The fish are also able to change the intensity of their overall colour pattern to an extent, becoming lighter in bright conditions with pale substrate or background and clear water, and duller with a violet lateral stripe at night, and this may also be a response designed to make them less visible.

References

1. Bleher, Heiko, 2008 - Tropical Fish Hobbyist, October 2008: 92-95
   A Story of Four Neon Tetras, Part Two: And Now a Fourth Neon!
2. Cooke, G. M., N. L. Chao and L. B. Beheregaray, 2009 - Freshwater Biology 54: 1216–1232
   Phylogeography of a flooded forest specialist fish from central Amazonia based on intron DNA: the cardinal tetra Paracheirodon axelrodi.

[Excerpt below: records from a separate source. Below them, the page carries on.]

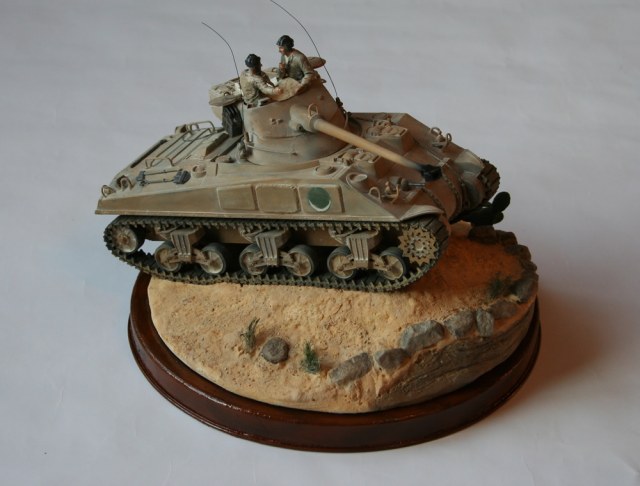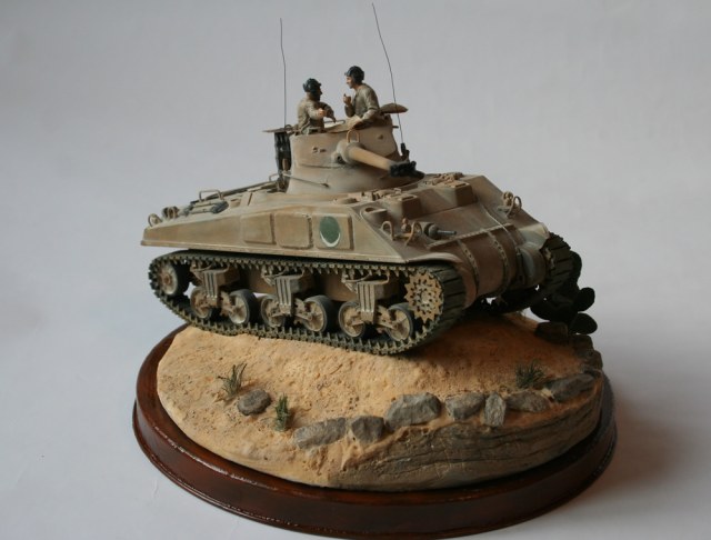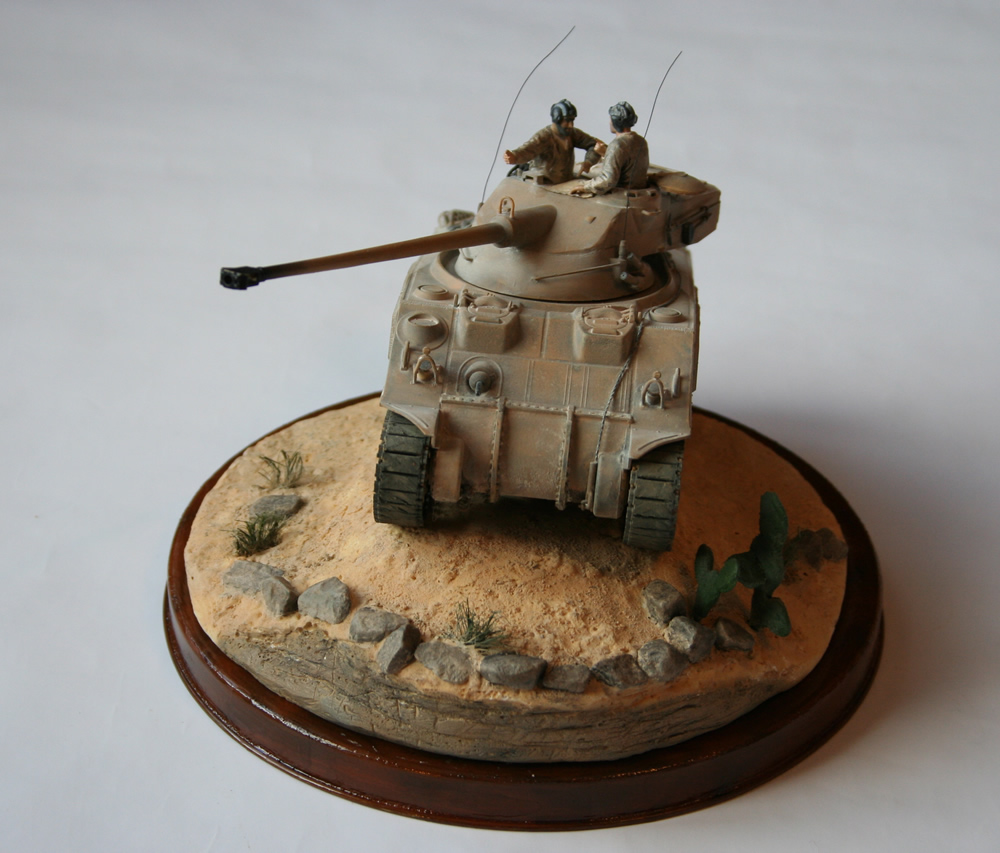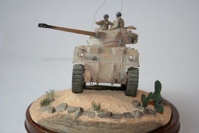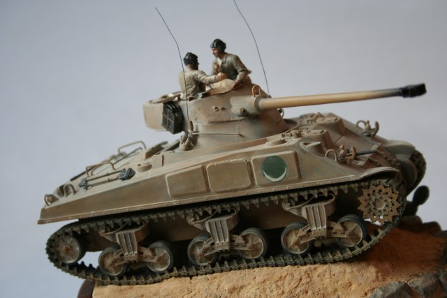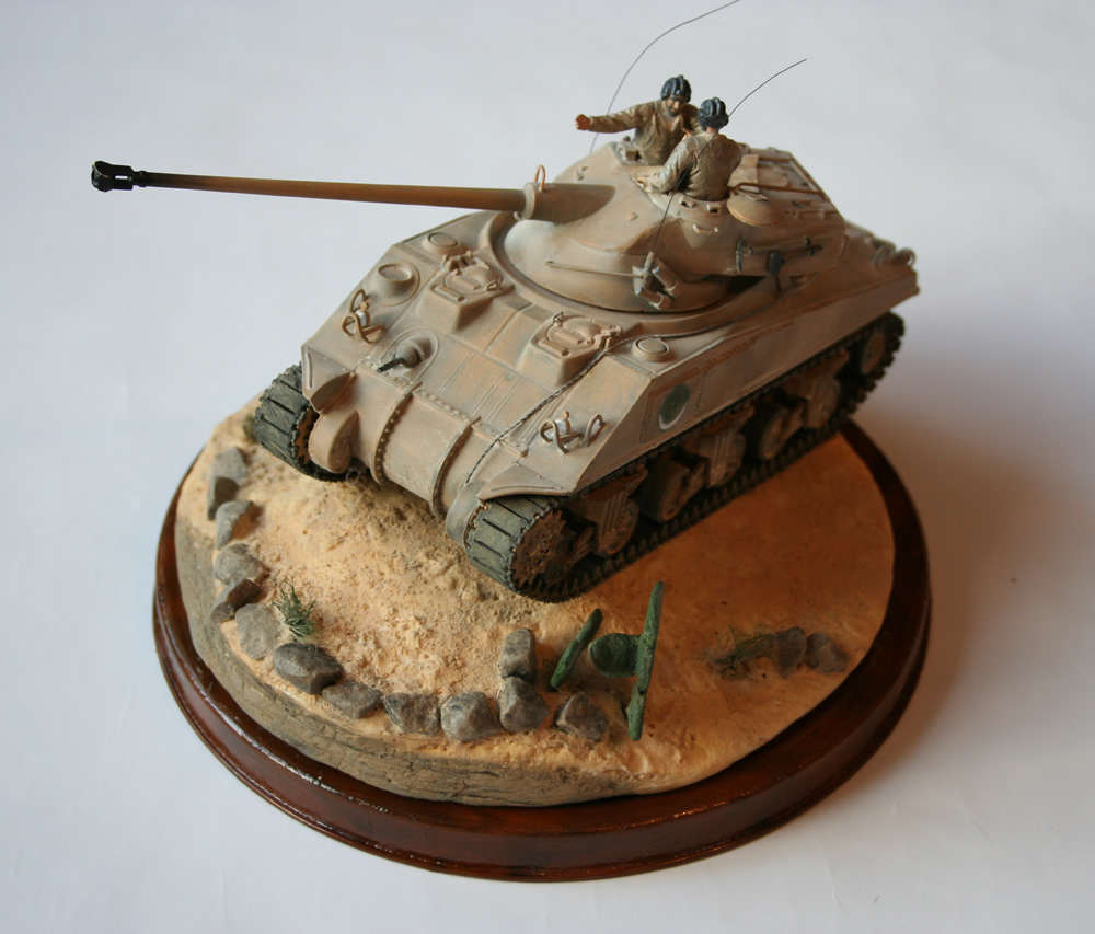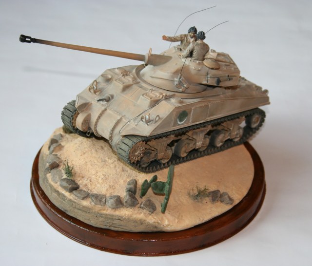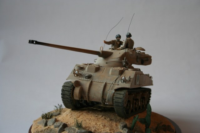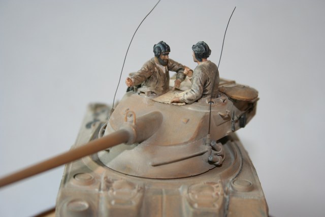 Корпус танка M4A4 взят от gragon'а(пришлось долго искать эту модель), а башня от французской фирмы Heller. Собиралась конверсия достаточно легко, правда пришлось повозиться с башней, уж больно она непокорна и плохо стыкуема. Модель покрашена тамиевским акрилом, фильтрована маслом и пигментами.
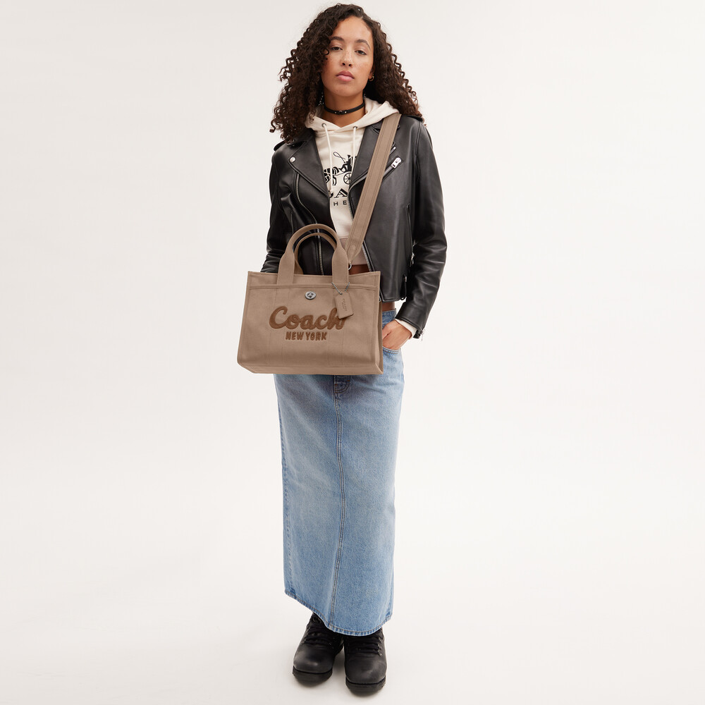 Canvas and grosgrain Zip-top closure, fabric lining Handles with 11.5cm drop Outside turnlock and snap pockets Detachable strap with 61cm drop for shoulder or crossbody wear Fits a 33cm laptop 34cm (L) x 25.5cm (H) x 16cm (W)Carry as much (or as little) as you like with our lightweight Cargo tote. Detailed with our cursive Coach script embroidery and iconic turnlock closure, this spacious carryall has an open interior with room for a 13
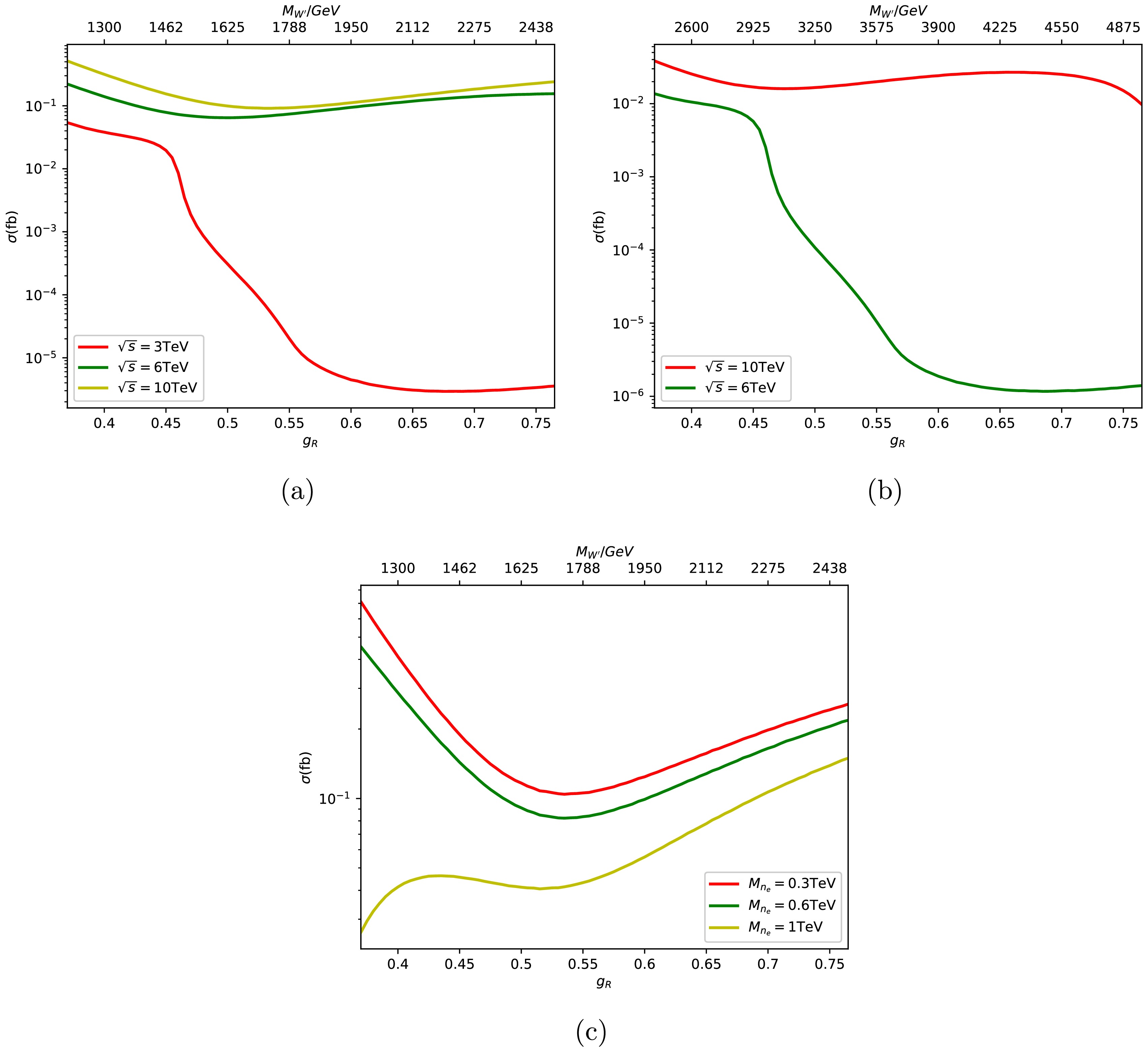 • Figure 2 shows the cross-section distribution of the $ \mu^+ \mu^- \to W^{\prime +} W^{\prime -} \to e^+ e^- n_e \bar{n}_e $ process with the right-handed coupling constant $ g_R $. The plot in Fig. 2 (a) shows the cross section for different collision energies of 3, 6, and 10 TeV (represented by red, green, and yellow solid lines, respectively). In the ALRM model, the mass of the $ W^\prime $ boson is determined by the coupling constant $ g_R $ and a vacuum expectation value obtained from Eq. (5). When the vacuum expectation value is fixed, there is a one-to-one correspondence between the right-handed coupling constant $ g_R $ and the mass of the $ W^\prime $ particle. Therefore, we added coordinate axes for both $ g_R $ and $ M_{W^\prime} $ parameters in the figure. The vacuum expectation value is fixed at 6.5 TeV in this figure. When the collision energy is 3 TeV, the cross section rapidly decreases for $ g_R = 0.45 $, with the mass of the $ W^\prime $ boson close to 1.5 TeV, given that it is approaching the threshold for $ W^\prime $ pair production. When $ g_R $ reaches its maximum of 0.765, the corresponding mass of the $ W^\prime $ boson produced is approximately 2.4 TeV, which means that the $ W^\prime $ bosons can be on shell produced with a collision energy of 6 or 10 TeV in the complete studied parameter spaces. The cross section at a collision energy of 6 TeV or 10 TeV shows a trend of first rising and then falling with increasing values of $ g_R $. These phenomena are due to the dual impact of $ g_R $ and mass of $ W^\prime $.
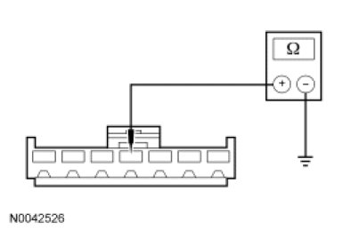 - Measure the resistance between interior mirror C911-5, circuit 47 (LB/WH), harness side and LH exterior mirror C516-7, circuit 47 (LB/WH), harness side.
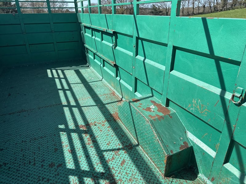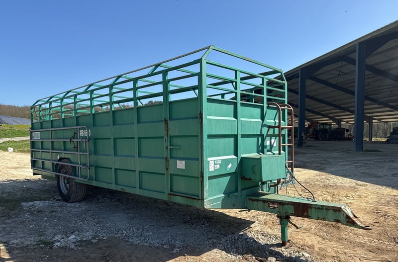 Type 1 Essieu -Année 2002 Freins hydrauliques, pneus 385/65R22.5, 2 portillons latéraux, Porte avant droite latérale, 1 portillon intérieur, pont manuel Nombre de bêtes: 10/11 - Tôle larmée peint Alu avec remontée -Fond et côté aluminium État Occasion - Vendue révisée Excellent état

3. Géry, J., 1977 - T.F.H. Publications, Inc.: 1-672
   Characoids of the World.
4. Ikeda, T. and S. Kohshima, 2009 - Environmental Biology of Fishes 86: 427-441
   Why is the neon tetra so bright? Coloration for mirror-image projection to confuse predators? “Mirror-image decoy” hypothesis.
5. Mikolji, I., 2009 - Tropical Fish Hobbyist 635: 70-75
   Cardinal tetras in their natural nabitat.
6. Oliveira, C. A., G. S. Avellino, K. T. Abe, T. C. Mariguela, R. C. Benine, G. Orti, R. P. Vari, and R. M. Corrêa e Castro, 2011 - BMC Evolutionary Biology 11(1): 275-300
   Phylogenetic relationships within the speciose family Characidae (Teleostei: Ostariophysi: Characiformes) based on multilocus analysis and extensive ingroup sampling.
7. Reis, R. E., S. O. Kullander and C. J. Ferraris, Jr. (eds), 2003 - EDIPUCRS, Porto Alegre: i-xi + 1-729
   Check list of the freshwater fishes of South and Central America. CLOFFSCA.
8. Weitzman, S. H. and W. L. Fink, 1983 - Bulletin of the Museum of Comparative Zoology 150(6): 339-395
   Relationships of the neon tetras, a group of South American fishes (Teleostei, Characidae), with comments on the phylogeny of New World characiforms.